§ Problem to work on
Below is a listing from which only part is wanted; return exactly the lines from the one with "Лоджия: 2,4 кв.м." up to and including the one with "IUYTYSER Flip Flops".

§ Source data
□ □ □ □ □

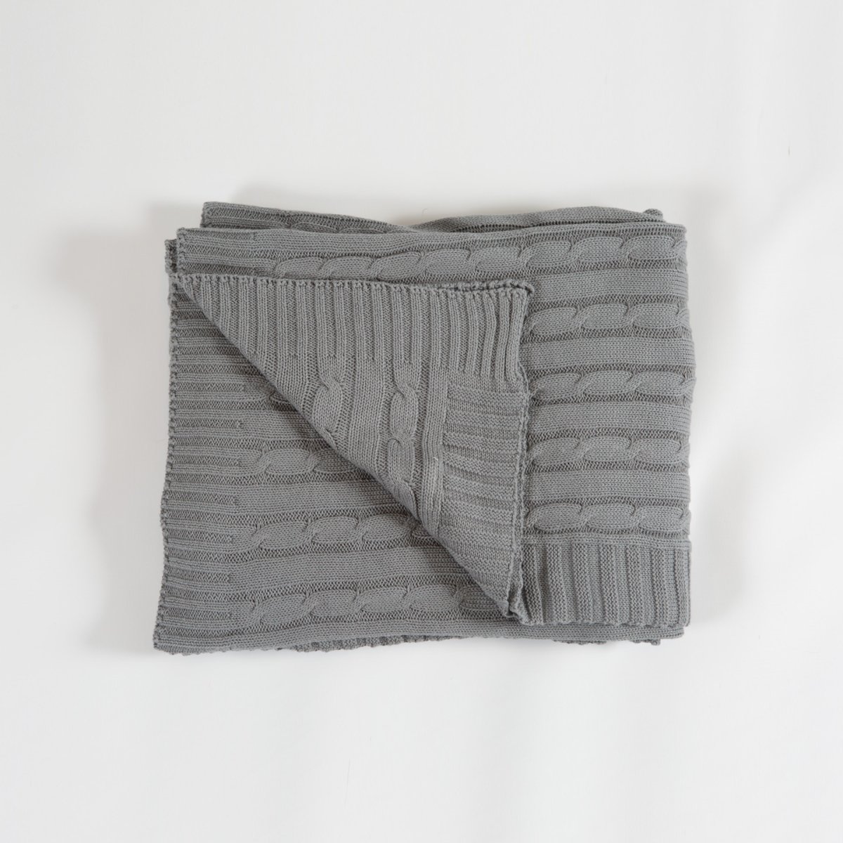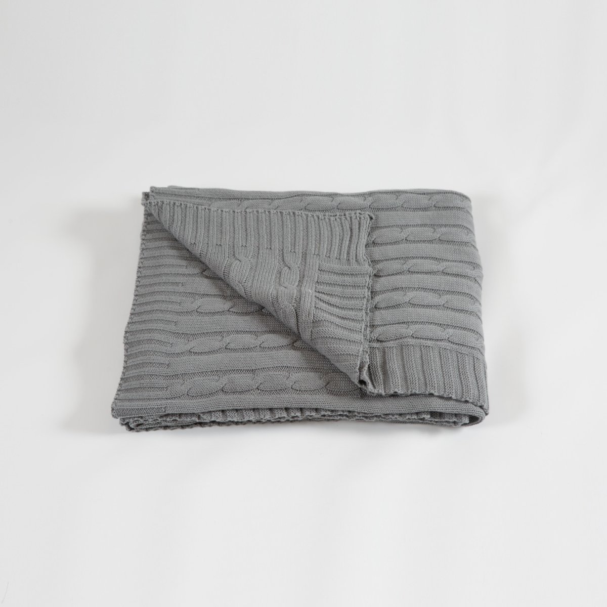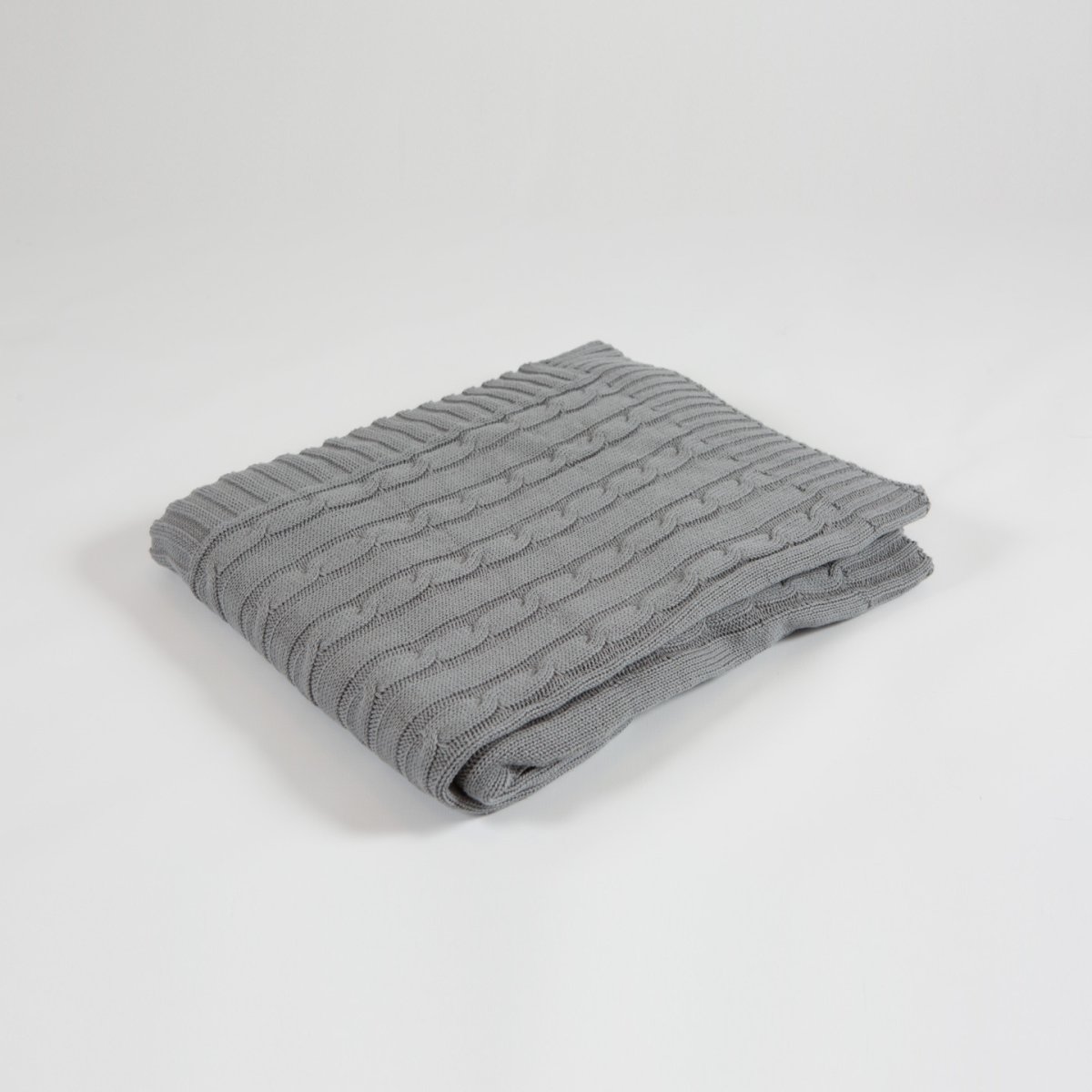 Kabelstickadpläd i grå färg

□ □ □ □ □

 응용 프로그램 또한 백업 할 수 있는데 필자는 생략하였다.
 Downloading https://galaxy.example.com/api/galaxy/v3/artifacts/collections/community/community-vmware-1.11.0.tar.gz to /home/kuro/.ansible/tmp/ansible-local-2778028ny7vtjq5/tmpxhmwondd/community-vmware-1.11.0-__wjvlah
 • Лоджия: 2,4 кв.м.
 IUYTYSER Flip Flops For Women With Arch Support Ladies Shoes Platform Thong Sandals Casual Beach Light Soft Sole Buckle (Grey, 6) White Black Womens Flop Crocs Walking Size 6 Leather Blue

□ □ □ □ □

§ Response area
 • Лоджия: 2,4 кв.м.
 IUYTYSER Flip Flops For Women With Arch Support Ladies Shoes Platform Thong Sandals Casual Beach Light Soft Sole Buckle (Grey, 6) White Black Womens Flop Crocs Walking Size 6 Leather Blue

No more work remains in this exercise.